BEGIN Input records
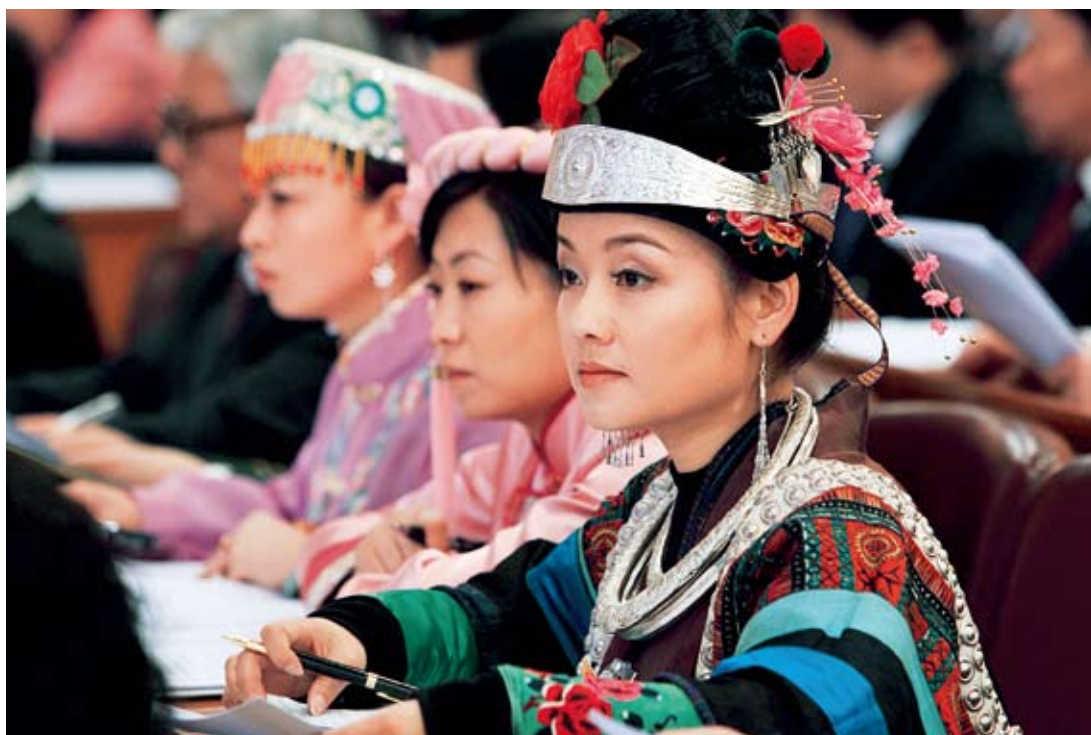
NPC deputies of ethnic minorities attend the closing ceremony of the 3rd Session of the 11th NPC on March 14.
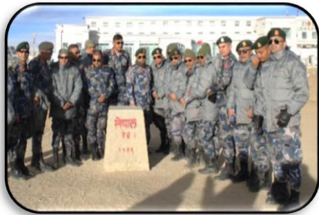
Visit at Lomanthang, Mustang During Internal Study Tour
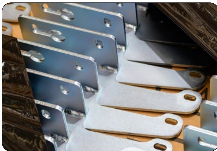
Generic image shown

For added durability and aesthetic appeal, zinc-plated bars are powder-coated. This finish enhances the bar's resistance to wear and tear while providing an extra layer of corrosion protection.
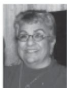
Senator Nell Soto
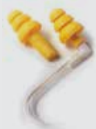
3M™ E-A-R™ UltraFit™ Reusable Communication Earplugs, NRR 21 dB, Sold as a box of 25 pair Product Number: PELTIP1
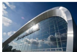
Messukeskus – the conference venue

Have you registered for FIG Working Week 2017 that will take place in Helsinki, Finland 29 May – 2 June 2017 at Messukeskus Expo and Convention Centre?
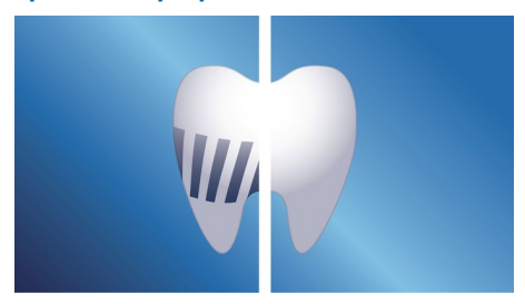
AirFloss Pro/Ultra removes up to 99.9% of plaque from treated areas.***
END Input records
## Your task
Search the lines above for the string "Messukeskus", then show every one that has it.

## Output of the exercise
Messukeskus – the conference venue
Have you registered for FIG Working Week 2017 that will take place in Helsinki, Finland 29 May – 2 June 2017 at Messukeskus Expo and Convention Centre?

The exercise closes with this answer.